Para evitar el maltrato de la MB que, según dice ELTallercito es el común denominador en estos casos, he determinado que, si se va a remplazar el capacitor o los capacitores, que más da si maltratamos los elementos que vamos a cambiar en vez de tratar de cuidar la MB.

Los últimos cambios de este tipo, se optó por cortar de cuajo por la parte baja, con una picadora muy bien afilada, el cuerpo del capacitor.

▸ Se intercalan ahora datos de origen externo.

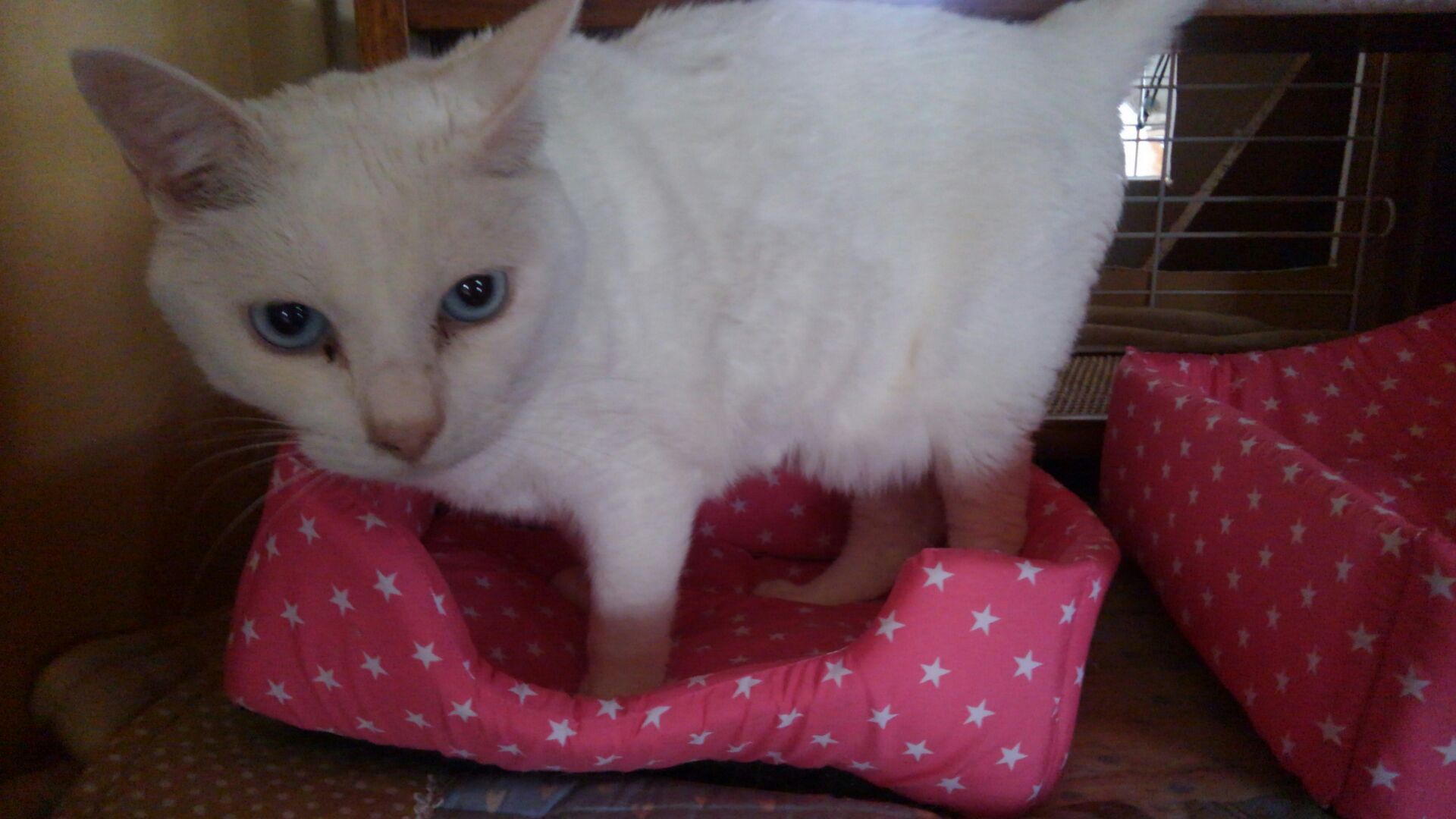 猫たちのベッドは薄汚れてくたくた。新しいのが届くと

Luego, se retira el remanente de dicho cuerpo y, con la MB fijada en vertical, se aplica el cautín - es mejor utilizar un cautín de cierto calibre: 40W aprox - preferiblemente dotado de una punta de unos 3 mm, mientras que, por el otro lado se tira de los alambre, uno a uno, a medida que se sienten flojos y sin ejercer fuerza excesiva, luego de lo cual se vacía el bypass con un chupete de desoldar.

Es lo que ha dado mejores y menores daños a las placas.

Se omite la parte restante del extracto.